Amendment of the HUD 1 form and RESPA requirements is one remedy. The signing agents have a similar problem with low balling client's, non-payment and slow payment also. One of the signing agent boards has announced that American Notary Alliance has been formed to lobby for legislation to assure the signing agents of payment of their fees. Perhaps this is something that the abstractors should consider also. One proposal is to hold the borrower ultimately liable for payment when the TC or lender defaults and tries to argue that the signing agent is a third party vendor not covered by RESPA requirements.
Possibly the lobbying efforts should take the form of a statutory lien similar to the one accorded to attorneys in Connecticut. There are apparently a few states that do afford protection to abstractors via statute, but a universal federal standard would be better.

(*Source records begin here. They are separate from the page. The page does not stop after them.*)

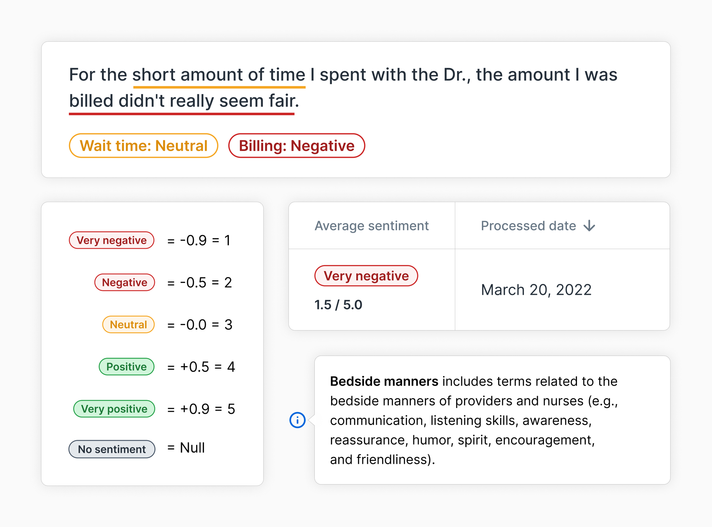 Our MVP leveraged aspect-based sentiment analysis, identifying how positively or negatively a patient felt about their experience.
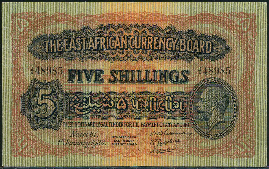 (x) East African Currency Board, 5 shillings, 1 January 1933, serial number J/4 48495, blue, black and pale orange-brown, head of George V at right, value at centre and at each corner, Bottomley and Ezechiel and Kershaw signatures, reverse orange-brown, a lion at centre
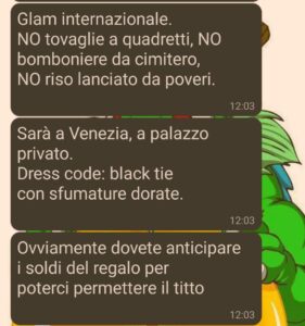 Mo lo dico: ho già visto troppe nozze in agriturismo piene d’amore sincero per farmi fregare da ‘sta favoletta deluxe. Mettimi pure tra gli “esclusi”, ma con dignità.”
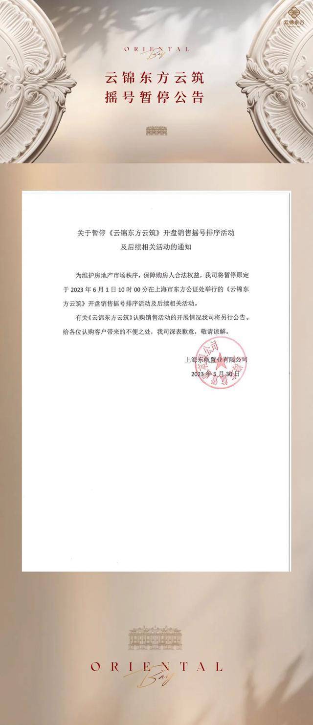 上海豪宅项目云锦东方。图片来源:中房报图库上海豪宅新盘云锦东方云筑宣布暂停摇号。5月30日13时56分,上海网红热盘云锦东方云筑发布摇号暂停公告,公告显示,为维护房地产市场秩序,保障购房人合法权益,上海东航置业有限公司将暂停原定于2023年6月1日10时00分在上海市东方公证处举行的《云锦东方云筑》开盘销售摇号排序活动及后续相关活动。有关《云锦东方云筑》认购销售活动的开展情况将另行公告。
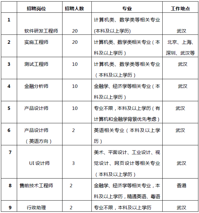 招聘职位如下:
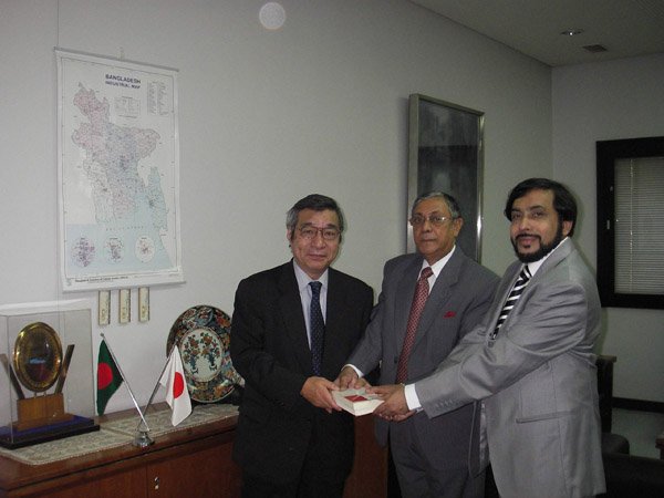 H. E. The Ambassador of Japan, handing over the gift of Holy Quran to the President and the Executive Director of Institute of Hazrat Mohammad (SAW)
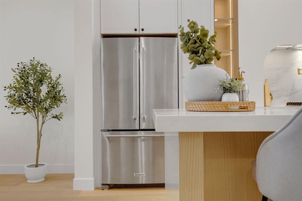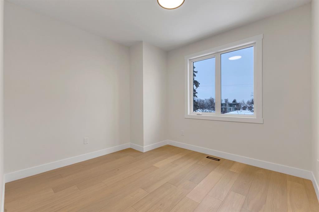 One Unit Remaining! Elegant French Chateau-Style Duplex in Richmond | Over 3,100 Sq Ft | Oversized Garage. Step into timeless sophistication with this beautifully crafted French chateau-inspired duplex, ideally located in the prestigious community of Richmond. Boasting over 3,100 sq ft of luxurious living space, this residence seamlessly blends classic charm with modern comfort. Engineered wood flooring flows throughout the main and upper levels, setting the tone for the refined finishes found throughout the home. Upstairs, you’ll find three generously sized bedrooms, each complete with walk-in closets and private ensuites.. The stunning 5-piece primary ensuite is a true retreat, offering heated floors, a steam shower, a free-standing tub, a double vanity with a custom tower, and recessed lighting to create a spa-like atmosphere. The main floor is thoughtfully designed for both work and relaxation, featuring a convenient pocket office, a chef-inspired kitchen with a massive 15-foot island and high-end Kitchen Aid appliances, and an inviting living room centered around a cozy gas fireplace. A stylish mudroom with built-in cabinetry leads to the powder room and out to your private backyard through large patio doors. The fully finished basement offers a wet bar, bedroom with a 3 pc bathroom along with a huge rec area. Situated on a rare 135-foot deep lot, the backyard is generously sized—perfect for outdoor entertaining—and complemented by a double oversized garage for added convenience. This is a one-of-a-kind home that perfectly balances elegance, comfort, and versatility in one of Calgary’s most sought-after neighbourhoods.
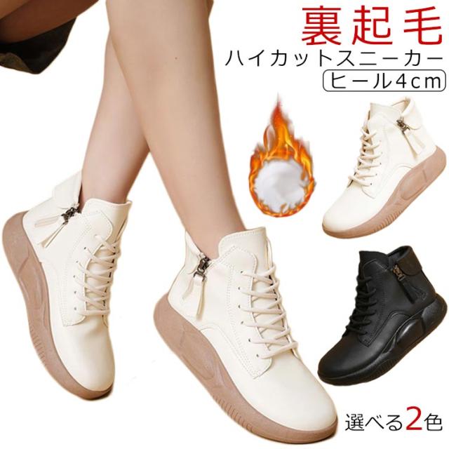 ハイカットスニーカー 厚底 外反母趾 スニーカー シューズ 暖かい 裏起毛 厚底スニーカー スニーカー サイドジッパー ヒール4cm ショートブーツ 靴 おしゃれ レディース コンフォートシューズ 厚底スリッポン カジュアル 運動靴 ウォーキングシューズ 黒
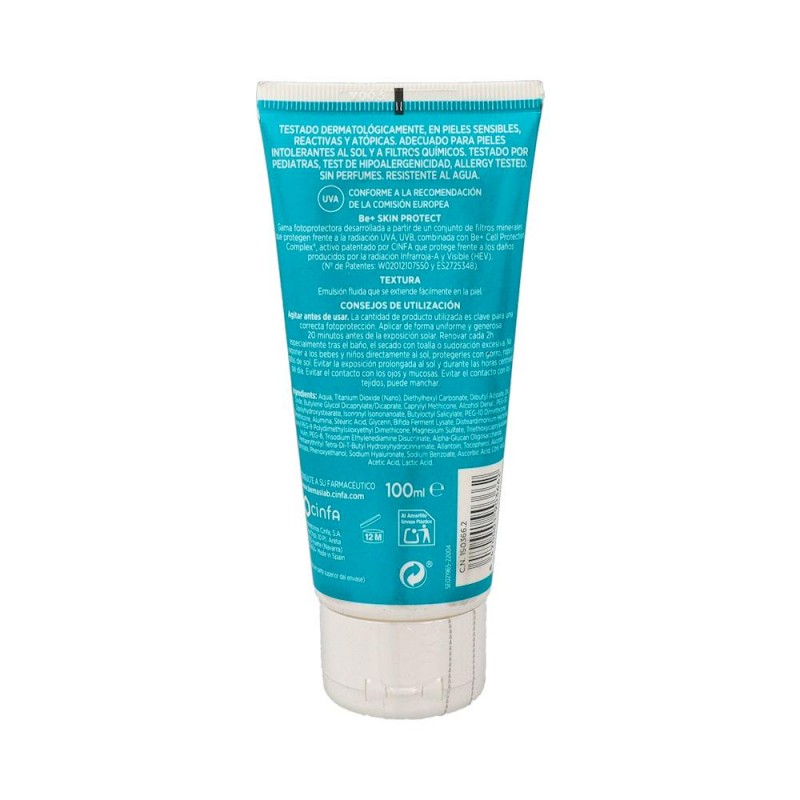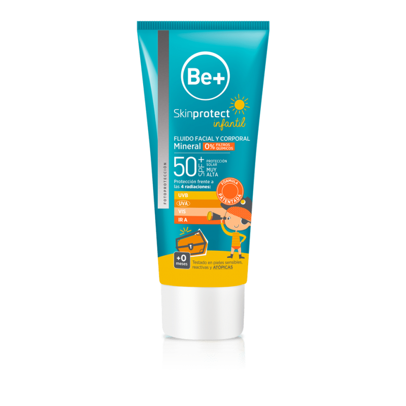 Be+ Skinprotect Infantil Fluido Facial y Corporal SPF50+ es un protector solar mineral para bebés, sin filtros químicos, resistente al agua y sin perfume. Indicado para pieles sensibles, reactivas y atópicas, protege frente a UVA, UVB, IR-A y luz visible con alta tolerancia pediátrica.

Fortunately Connecticut attorneys have a common law lien that attaches to the file following his/her work completed in the amount equal to his/her invoice. The lien travels with the file, and each party that takes possession of the file takes it subject to the lien. The lien extends to the proceeds each receives from the file in the amount of the attorney's lien. I have enforced the lien successfully on a number of occasions for closing services and/or abstracting. Ultimately when a suit is filed against the signing service, TC and lender the proceeds of the borrowers monthly mortgage payments can be garnished either as a prejudgment remedy at the outset of the case or through a court ordered execution at the conclusion of the case. The process almost certainly results in the loss of a slow pay/no pay client...but who needs that type of client?